# DESCRIPTION OF THE TASK
Among the entries below, only the lines starting at the one with "Originally we made" and ending at the one with "Президент РФ Владимир", both included, are to be printed exactly.

# GIVEN DATA
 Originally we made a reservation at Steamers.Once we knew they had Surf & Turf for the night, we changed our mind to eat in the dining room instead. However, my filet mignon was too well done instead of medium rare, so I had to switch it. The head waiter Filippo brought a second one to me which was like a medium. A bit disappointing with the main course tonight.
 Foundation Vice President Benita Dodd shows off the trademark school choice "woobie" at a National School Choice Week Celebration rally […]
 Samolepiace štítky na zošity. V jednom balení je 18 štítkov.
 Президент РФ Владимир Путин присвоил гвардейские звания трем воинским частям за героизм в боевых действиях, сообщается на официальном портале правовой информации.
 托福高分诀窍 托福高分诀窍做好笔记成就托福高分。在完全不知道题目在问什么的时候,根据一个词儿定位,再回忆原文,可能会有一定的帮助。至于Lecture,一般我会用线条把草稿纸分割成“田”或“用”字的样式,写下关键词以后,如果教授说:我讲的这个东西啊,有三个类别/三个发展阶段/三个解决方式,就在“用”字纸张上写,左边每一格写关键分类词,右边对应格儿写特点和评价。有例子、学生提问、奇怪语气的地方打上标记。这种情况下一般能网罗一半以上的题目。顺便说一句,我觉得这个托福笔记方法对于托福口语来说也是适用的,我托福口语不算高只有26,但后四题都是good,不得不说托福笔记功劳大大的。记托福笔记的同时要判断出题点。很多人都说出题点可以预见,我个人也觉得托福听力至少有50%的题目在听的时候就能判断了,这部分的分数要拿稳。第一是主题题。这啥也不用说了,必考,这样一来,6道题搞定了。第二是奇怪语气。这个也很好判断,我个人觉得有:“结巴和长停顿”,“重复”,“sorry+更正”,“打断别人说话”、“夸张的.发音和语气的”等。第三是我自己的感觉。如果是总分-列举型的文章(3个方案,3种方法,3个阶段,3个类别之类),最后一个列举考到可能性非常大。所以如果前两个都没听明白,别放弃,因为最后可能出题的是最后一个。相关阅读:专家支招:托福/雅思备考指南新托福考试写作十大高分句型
* * *
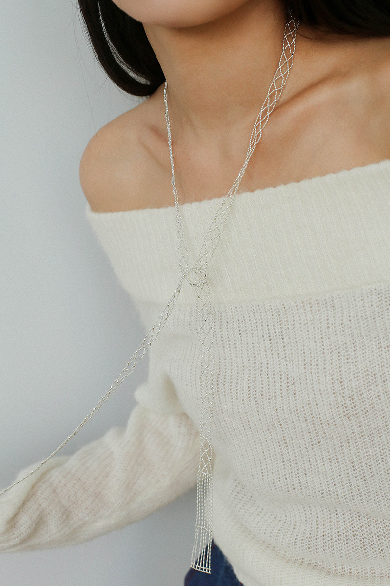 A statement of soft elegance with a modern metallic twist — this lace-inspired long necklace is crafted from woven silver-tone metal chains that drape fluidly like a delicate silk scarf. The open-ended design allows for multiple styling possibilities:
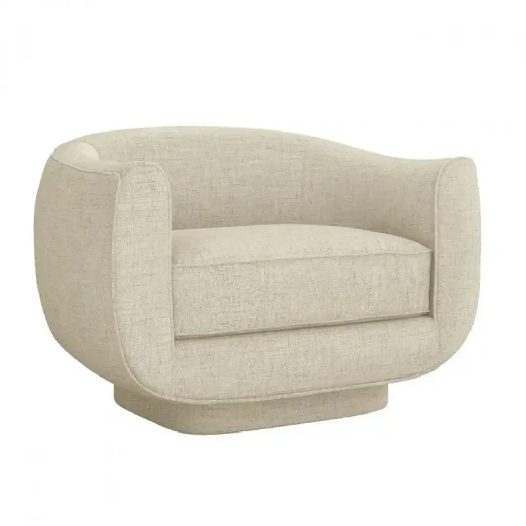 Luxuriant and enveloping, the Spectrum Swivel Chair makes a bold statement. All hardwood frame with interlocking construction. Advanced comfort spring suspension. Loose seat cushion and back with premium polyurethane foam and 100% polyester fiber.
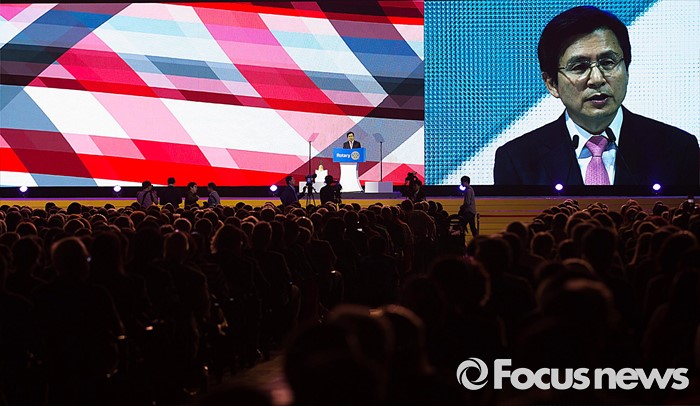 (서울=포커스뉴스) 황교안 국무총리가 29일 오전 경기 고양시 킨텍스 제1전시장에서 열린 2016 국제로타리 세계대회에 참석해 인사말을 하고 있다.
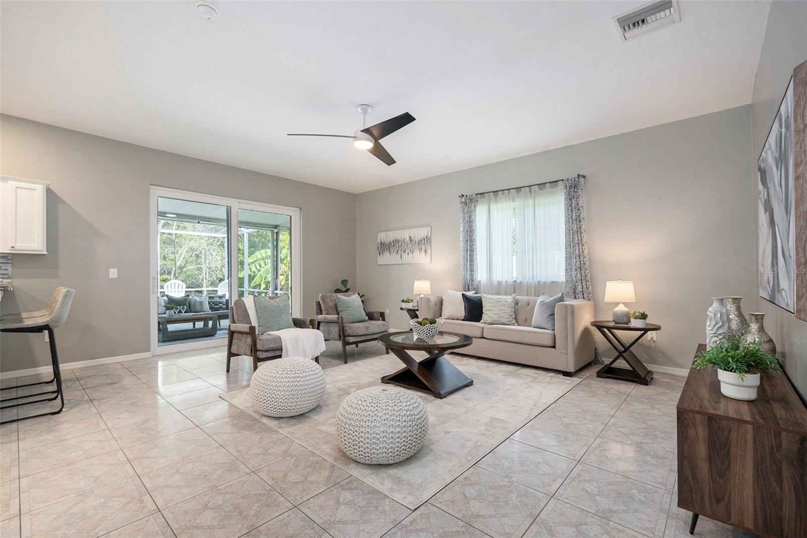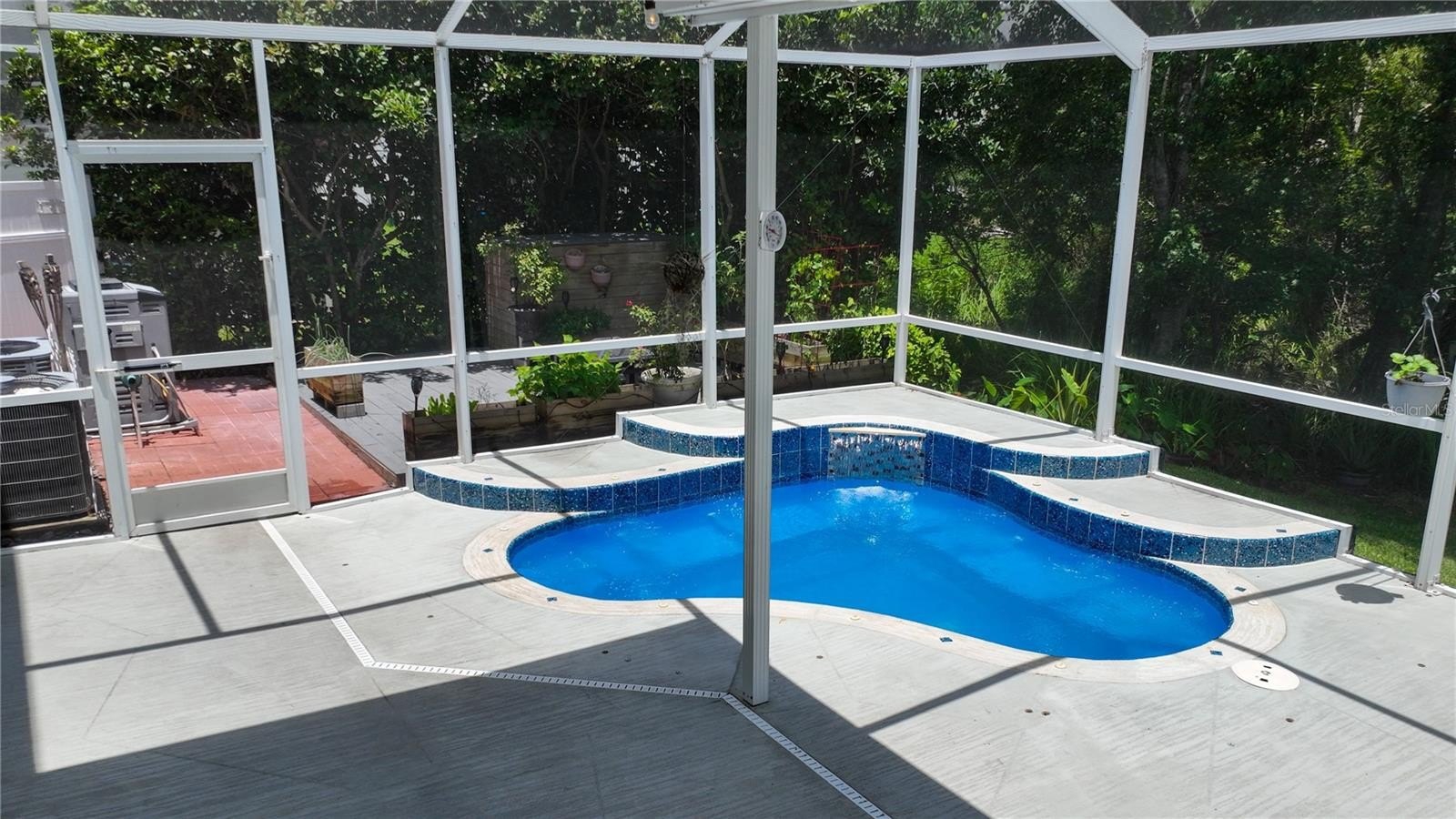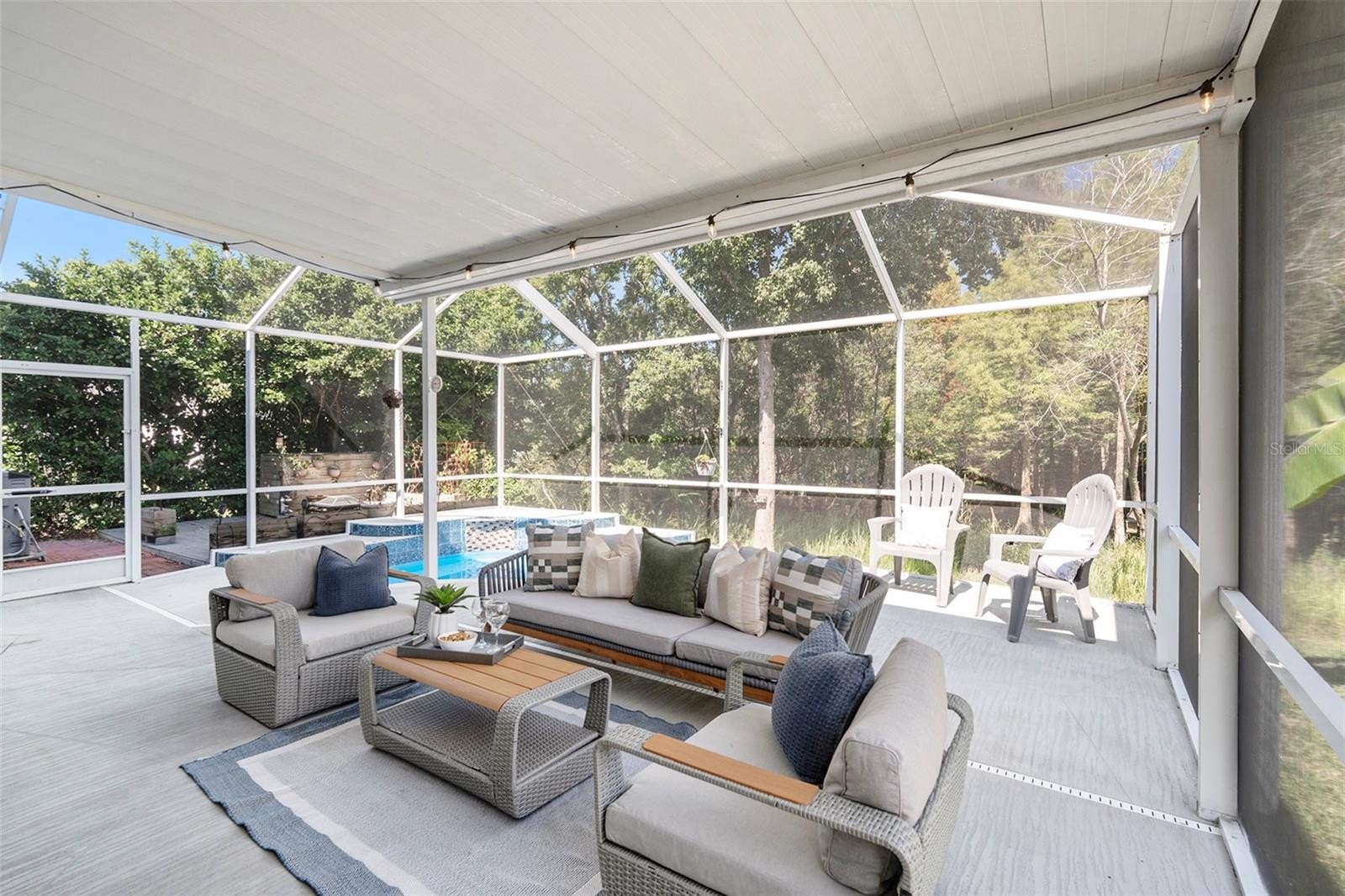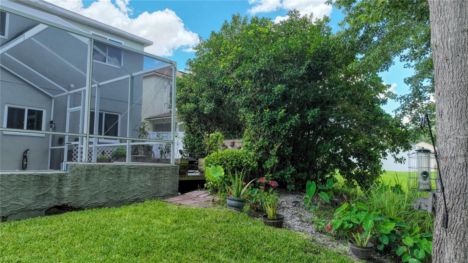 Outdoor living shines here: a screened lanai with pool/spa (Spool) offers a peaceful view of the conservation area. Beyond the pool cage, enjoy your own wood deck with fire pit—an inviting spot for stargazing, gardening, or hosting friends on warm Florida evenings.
==
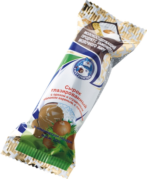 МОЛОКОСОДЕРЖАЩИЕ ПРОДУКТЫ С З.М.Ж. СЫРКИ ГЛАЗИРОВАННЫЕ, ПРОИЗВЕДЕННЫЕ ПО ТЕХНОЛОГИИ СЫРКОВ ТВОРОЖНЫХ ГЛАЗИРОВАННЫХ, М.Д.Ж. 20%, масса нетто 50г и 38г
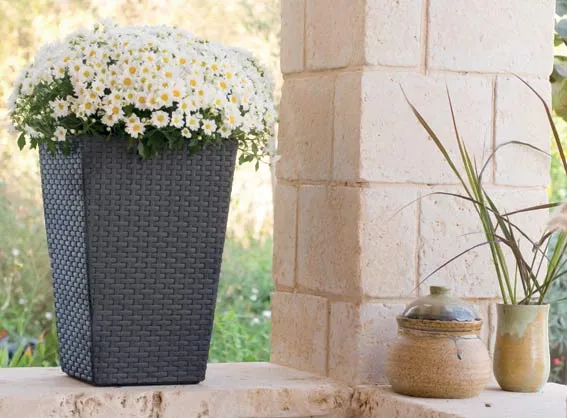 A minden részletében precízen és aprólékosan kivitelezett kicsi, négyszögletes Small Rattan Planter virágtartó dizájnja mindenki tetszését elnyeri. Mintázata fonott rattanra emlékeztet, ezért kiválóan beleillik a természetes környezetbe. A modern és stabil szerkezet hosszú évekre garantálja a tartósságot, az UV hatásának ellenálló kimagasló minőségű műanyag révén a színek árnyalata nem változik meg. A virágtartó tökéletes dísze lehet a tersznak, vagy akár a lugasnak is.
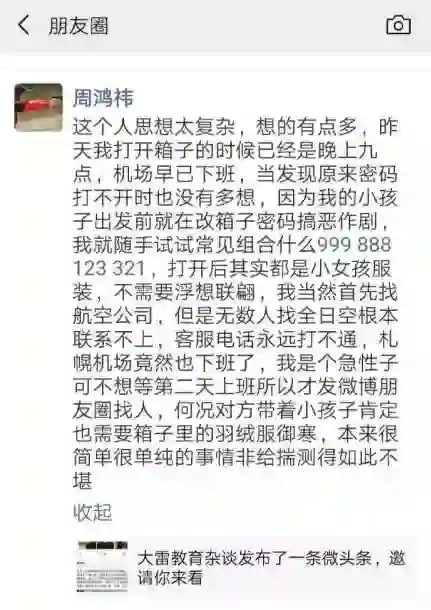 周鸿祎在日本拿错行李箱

# TASK RESULT
 Originally we made a reservation at Steamers.Once we knew they had Surf & Turf for the night, we changed our mind to eat in the dining room instead. However, my filet mignon was too well done instead of medium rare, so I had to switch it. The head waiter Filippo brought a second one to me which was like a medium. A bit disappointing with the main course tonight.
 Foundation Vice President Benita Dodd shows off the trademark school choice "woobie" at a National School Choice Week Celebration rally […]
 Samolepiace štítky na zošity. V jednom balení je 18 štítkov.
 Президент РФ Владимир Путин присвоил гвардейские звания трем воинским частям за героизм в боевых действиях, сообщается на официальном портале правовой информации.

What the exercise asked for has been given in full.